Imagem: Kicker
Este espaço não propõe defesa nem ataque a nenhum clube ou pessoa. Este espaço se destina à postagem de observações, idéias, fatos históricos, estatísticas e pesquisas sobre o mundo do futebol. As opiniões aqui postadas não têm o intuito de estabelecer verdades absolutas e devem ser vistas apenas como uma posição pessoal sujeita a revisão. Pois reconsiderar uma opinião não é sinal de fraqueza, mas sim da necessidade constante de acompanhar o dinamismo e mutabilidade da vida e das coisas.
Um comentário:
Aquele texto que prometi. Abração
TVU ESPORTES: A ÚLTIMA CRÔNICA DE UM REPÓRTER APAIXONADO
Outro dia entrei numa loja da Cidade Alta para comprar um sapato. Olha daqui, escolhe dali, pedi ao funcionário da casa, enfim, o modelo que mais me agradou. Pedido feito, o cara abriu um sorriso e se mandou para pegar no depósito. Dois minutos depois, volta com três modelos diferentes. Calço com o cara me olhando como se já me conhecesse de algum lugar. Decidi levar dois. E o cara me olhando. Na hora de pagar, constrangido, o funcionário resolveu abrir o jogo:
- Você é jornalista?
- Sou.
- Você fazia um programa de esportes na televisão...
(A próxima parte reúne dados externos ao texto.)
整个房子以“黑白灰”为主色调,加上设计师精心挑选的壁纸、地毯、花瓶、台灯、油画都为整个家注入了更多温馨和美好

- Fazia. O TVU Esportes. Mas saí em 2005, quando me formei. Era um estágio, tive que ir embora.
- Era muito bom. Faz tempo que não vejo o programa, mas acompanhava toda segunda-feira.
Despedi-me do rapaz depois de lhe dar a mesma notícia triste que sou obrigado a confirmar às pessoas que, depois de cinco anos, ainda me abordam na rua para lembrar do saudoso TVU Esportes, programa comandado pelos dois maiores professores de jornalismo que tive na UFRN: Lupércio Luiz e Fernando Amaral. Sem precisar sentar a bunda nas cadeiras da academia, a dupla ensinou muito mais que jornalismo aos estagiários que passaram pelo programa. E não foram poucos ao longo de mais de dez anos de programa.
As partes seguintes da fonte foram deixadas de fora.